Adoptees Liberty Movement Association
- Formation: 1971
- Founder: Florence Anna Fisher
- Dissolved: 2024^{[citation needed]}

= Adoptees Liberty Movement Association =

The Adoptees' Liberty Movement Association (ALMA) was one of the first adoptee rights organizations in the United States, founded in 1971 by adoptee, author, and activist Florence Anna Fisher. Its principal initial goals were to "abolish the existing practice of 'sealed records'" and to secure the "opening of records to any adopted person over eighteen who wants, for any reason, to see them." While ALMA was one of the plaintiffs in a 1978 federal lawsuit challenging the constitutionality of sealing and restricting the release of pre-adoption birth records to adult adopted people, the lawsuit ultimately was not successful, setting back the adoptee rights movement for years.

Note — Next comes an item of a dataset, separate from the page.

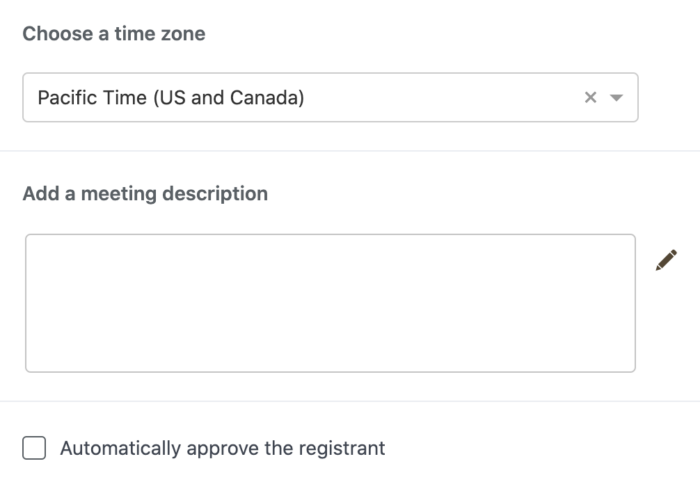 Apart from setting newly created meetings to specific time zones, the Zoom integration can also approve and schedule meetings automatically, or you can manually approve requested meetings in Zoom.

The establishment of ALMA, in conjunction with the publishing of Fisher's autobiography in 1973, led to the creation of hundreds of other adoptee search-related groups across the United States, including Yesterday's Children, Adoptees' Identity Movement, and Reunite. Despite its early activism and advocacy, ALMA ultimately concentrated on assisting adopted people with birthparent and relative searches and at one time had more than 50,000 members, 50 chapters, and 340,000 names registered within its own adoption search registry. Adoptees have credited ALMA with inspiring and assisting with their searches for information about their birth parents.

ALMA was considered a pioneering organization in the adoptee rights movement, shifting the focus to right-based constitutional arguments instead of seeking state-by-state legislative changes. The activist adoptee rights organization Bastard Nation, which formed in the 1990s, has cited Fisher's activism and ALMA's goals as the beginning of the adoptee rights movement.